I attached a patch for the quickfix in CONTINUUM-1741.  Then I just filed
MRELEASE-340, to not store the plaintext password in the release.properties
file.  Any takers?  Comments?

Cheers,
Nap

On Sun, Apr 27, 2008 at 4:26 PM, Wendy Smoak <ws...@gmail.com> wrote:

> On Sun, Apr 27, 2008 at 4:25 PM, Wendy Smoak <ws...@gmail.com> wrote:
> > On Fri, Apr 25, 2008 at 11:46 AM, Napoleon Esmundo C. Ramirez
> >  <na...@gmail.com> wrote:
> >  > That's a good start. I created an issue for it,
> >  >  http://jira.codehaus.org/browse/CONTINUUM-1741
> >  >
> >  >  I'll attach a patch soon.
> >
> >  Sounds good.  Are you also planning to open something in Maven SCM?
>
> oops, I think that should be 'Maven Release' not SCM.
>
> --
> Wendy
>

Re: Continuum and plain text passwords

[Wendy Smoak <ws...@gmail.com>]

On Sun, Apr 27, 2008 at 4:25 PM, Wendy Smoak <ws...@gmail.com> wrote:
> On Fri, Apr 25, 2008 at 11:46 AM, Napoleon Esmundo C. Ramirez
>  <na...@gmail.com> wrote:
>  > That's a good start. I created an issue for it,
>  >  http://jira.codehaus.org/browse/CONTINUUM-1741
>  >
>  >  I'll attach a patch soon.
>
>  Sounds good.  Are you also planning to open something in Maven SCM?

oops, I think that should be 'Maven Release' not SCM.

-- 
Wendy

Re: Continuum and plain text passwords

[Wendy Smoak <ws...@gmail.com>]

On Fri, Apr 25, 2008 at 11:46 AM, Napoleon Esmundo C. Ramirez
<na...@gmail.com> wrote:
> That's a good start. I created an issue for it,
>  http://jira.codehaus.org/browse/CONTINUUM-1741
>
>  I'll attach a patch soon.

Sounds good.  Are you also planning to open something in Maven SCM?

-- 
Wendy

Re: Continuum and plain text passwords

["Napoleon Esmundo C. Ramirez" <na...@gmail.com>]

That's a good start.
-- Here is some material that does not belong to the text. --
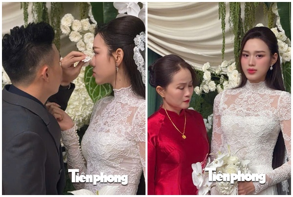 Cô dâu rưng rưng nước mắt khi nghe những lời dặn dò của cha mẹ.Đỗ Thị Hà và doanh nhân Viết Vương tìm hiểu từ năm 2024. Họ luôn giữ kín chuyện tình cảm trên mạng xã hội. Tới lễ nạp tài, Đỗ Thị Hà mới đăng ảnh cận mặt chú rể.Dự kiến chiều 22/10, gia đình chú rể đón cô dâu về tới Quảng Trị. Tiệc chiêu đãi sẽ tổ chức vào tối 22/10.

I created an issue for it,
http://jira.codehaus.org/browse/CONTINUUM-1741

I'll attach a patch soon.

Cheers!
Nap

On Fri, Apr 25, 2008 at 9:13 AM, Wendy Smoak <ws...@gmail.com> wrote:

> On Thu, Apr 24, 2008 at 4:24 PM, Napoleon Esmundo C. Ramirez
> <na...@gmail.com> wrote:
> > I think the idea of having the plain-text password in the
> release.properties
> >  file is dangerous enough.  Do you think it will be ok to just remove it,
> >  then always ask for a password during the release?
>
> Continuum already asks for a password during the release.  Yes, I'd
> prefer that the password never gets stored in plain text, however I
> think that change would have to be made in Maven Release, not in
> Continuum.
>
> Let's first make sure the release.properties file is not displayed in
> the working copy for Maven projects, and then work on the underlying
> issue.
>
> --
> Wendy
>

Re: Continuum and plain text passwords

[Wendy Smoak <ws...@gmail.com>]

On Thu, Apr 24, 2008 at 4:24 PM, Napoleon Esmundo C. Ramirez
<na...@gmail.com> wrote:
> I think the idea of having the plain-text password in the release.properties
>  file is dangerous enough.  Do you think it will be ok to just remove it,
>  then always ask for a password during the release?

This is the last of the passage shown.